Data will be entered into an web-based eCRF by trial personnel. Each site will only have access to site-specific data. Each patient will receive a unique trial identification number. Only the investigators and research team will have access to any protected health information of study participants and any study data. Data will be handled according to the French law. All original records (including consent forms, reports of SUSARs and relevant correspondences) will be archived at trial sites for 15 years. The clean trial database file will be anonymised and maintained for 15 years. Only the principal investigators and the statistician will have access to the final data set.

Ethics and dissemination

COMBINE trial is approved by the Institutional Review Board of the University Hospital of Clermont-Ferrand (France). COMBINE trial is registered in the European Clinical Trials Database (EudraCT 2015-002559-84) and at ClinicalTrials.gov with the trial identification number NCT02618720. Trial methods and results will be reported according to the Consolidated Standards of Reporting Trials 2010 guidelines.⁴²

Enrolment and timeline

The patients are expected to be included from 14 French university and non-university hospitals during a 2-year period starting in May 2016.
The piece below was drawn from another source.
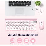 Potente configuración funcional: El teclado inalámbrico conserva el teclado numérico y las teclas del teclado de tamaño completo de 102 teclas, y el diseño estándar Español QWERTY le permite acceder rápidamente a música/control de volumen/mensajes, etc., lo cual es conveniente y rápido, y simplifica la vida en la oficina.
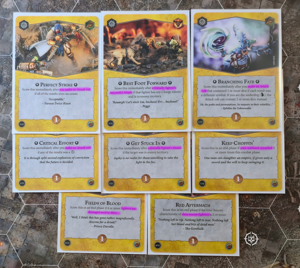 This isn’t a convoluted or terribly innovative deck. The Blazing Assault and Reckless Fury pairing has been a staple for aggro warbands since the release of the game at the World Championship of Warhammer last year. The game plan is a very simple and straightforward one in which I want my orcs to run forward and hit the opponent. The card choices I made are to enhance my chances at both running forward and hitting the enemy as much as possible while also having the objectives align with that plan. In a perfect world, every objective would be something like “make an attack” because that’s what I want to do in all 12 activations anyway, and all the power cards would just help me in making those attacks.

2014–2016: protocol, approvals from ethics committee and trial tool development (eCRF and randomisation system).
2016 to 2018: inclusion of patients.
2018: cleaning and closure of the database.
Early 2019: data analyses and writing of the manuscript and submission for publication.

Trial status

The current protocol is version 5.0. The randomised trial, which commenced in May 2016, is currently in the phase of participant enrolment and follow-up. To date (30 January 2018), 530 patients have been randomised in this study.

Publication plan

On trial completion, the main manuscript will be submitted to one of the major clinical journals regardless of the results. All trial sites will be acknowledged, and all investigators at these sites will appear with their names under ‘the COMBINE investigators’ in an appendix to the final manuscript. COMBINE study SC will grant authorship depending on personal input according to the Vancouver guidelines. If a trial site investigator is to gain authorship, the site has to include 50 patients or more. If the site includes 100 patients or more, two authorships will be granted. A writing committee will be composed of members of the SC and investigators to define the order of authors of any publications.

Discussion

COMBINE trial is to allow us to evaluate whether a combined oral and intravenous antimicrobial prophylaxis given to patients undergoing elective colorectal surgery is related to a significantly lower incidence of SSIs. SSIs are a particularly significant problem following elective colorectal surgery, which is one of the most common surgeries performed worldwide. The reduction of SSI has become a major target of quality improvement projects.^{43 44} Although some guidelines have been issued, providing evidence-based recommendations for the prevention of SSI, the prevalance of SSI remains high in elective colorectal surgery. Surgical antimicrobial prophylaxis is highly recommended to reduce the risk of SSI. Recent RCTs^{21 22} and meta-analyses^{23 25} have reported interesting findings regarding the effect of oral antibiotics in addition to intravenous antimicrobial prophylaxis. However, most of these studies have limitations, making the extrapolation of data into routine care challenging.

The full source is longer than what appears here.